LAVAL - Liberal candidate Gaetan Barrette, the former president of the federation of Quebec’s medical specialists, voted yes in the 1995 referendum, says Parti Quebecois minister Bernard Drainville.
Drainville says Barrette asked an intermediary to set up a meeting with Drainville in 2012 to discuss the possibility of Barrette running for the PQ.
According to the PQ minister, Barrette, who ultimately ran for the Coalition Avenir Quebec before joining the Liberals in this election, was “shopping a job as minister of health.”
Drainville argued Barrette’s decision to join the CAQ showed that he did not feel the PQ was open to his demands.
During this meeting, prior to the 2012 campaign in August that allowed the PQ to form a minority government, Drainville questioned Barrette on sovereignty.
Barette, who at the time was still president of the medical specialists federation and resigned recently to be the Liberal candidate, said he voted yes in 1995.

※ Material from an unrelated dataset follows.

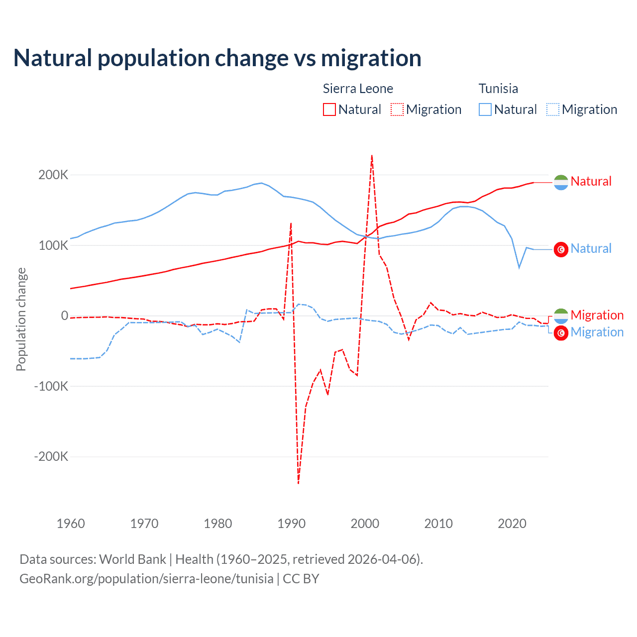 Over the last 10 years, 99.6% of the population change in Sierra Leone is from natural causes (a gain of 1,764,049 people) and 0.41% is from migration (a loss of 7,211 people). In Tunisia 86.3% is from natural causes (a gain of 1,225,079 people) and 13.7% is from migration (a loss of 195,011 people).

“I asked ‘Listen, are you a sovereignist?' And he replied ‘I voted yes in 1995,’” Drainville said. “So it would be interesting to ask (Liberal Leader Philippe) Couillard if there are sovereignist candidates in his party.”
On the sidelines of the PQ’s national council where the electoral platform would be adopted, Drainville explained that Barrette let it be known that he wanted on portfolio in particular.
“He wanted to be minister of health, he told me at one point “If I join your party, it’s not to be Minister of Agriculture’”, Drainville said.
“He wanted to be minister of health and he must not have liked the answer we gave him because he finally chose the CAQ.”
Drainville made the remarks after a French-language television station broadcast an interview with Barrette during which he claimed to have been approached by the PQ in 2012.
“In 2012 at my office I had a visit from Bernard Drainville and (cabinet minister) Agnes Maltais and a telephone call from (Premier) Pauline Marois to ask me to be minister of health for the Parti Quebecois,” he said.
Barrette made this statement to demonstrate that he had been courted before leaving the CAQ in favour of the Liberals.
Barrette is running for the Liberals in the South Shore riding of La Piniere.
In its 25-year history, the riding has only ever voted Liberal.
He replaces Fatima Houda-Pepin, who left the party because she did not agree with the Liberals' stance on the Charter of Values.